Public Employee Unions

Public Employee Unions (henceforth PEUs) are many things. First and foremost, they are the protectors of their employees' interests, including pay, job security, working conditions, health insurance, and pensions. Without their protection many public employees would simply be exploited. One of my own relatives would probably have been fired for teaching while being non-Hispanic.

On the other hand, most PEUs are "closed shop" operations. When you sign up for certain public sector jobs, you are automatically enrolled in the union, and your union dues are automatically deducted from your paycheck. If you are a public employee, the money for your pay, benefits, and union dues is taken from your fellow citizens and the companies they work for in the form of taxes. And your PEU uses a substantial portion of your dues to make political contributions almost exclusively to the Democratic Party.

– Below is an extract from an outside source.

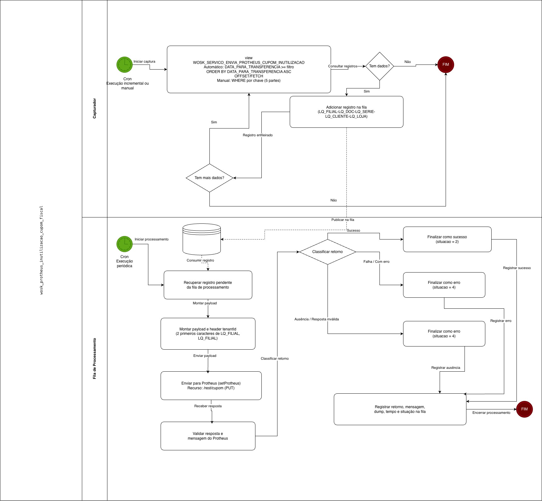 | Capturador | Captura cronológica e controle de posição | Ao consultar a view WOSK_SERVICO_ENVIA_PROTHEUS_CUPOM_INUTILIZACAO com filtro por DATA_PARA_TRANSFERENCIA, ordenação ascendente e paginação por OFFSET/FETCH, deve manter a continuidade por posição persistida em wosk_monitor (evento, offset, chave_posicao, data_posicao, filtro). |

In other words, PEUs are also transformers of public monies into Democratic Party campaign funds, both directly, and indirectly in the form of personal contributions made by PEU bosses. That gives PEUs a lot of power, because their power to buy politicians is combined with their power to engage in collective bargaining and strikes. Historically, that power has been abused to achieve compensation and benefits packages that are unsustainable.

The Republican solution is to limit the collective bargaining power of PEUs. But collective bargaining is the one thing that unions of any kind were established to do.

I think I have a better idea. Let PEUs engage in collective bargaining or politics (contribute to campaigns, endorse candidates, buy political ads) but not both. And let the union members choose which one - put it to a vote.

Personally, I would favor continuing collective bargaining. You can trust your own power more than you can trust politicians.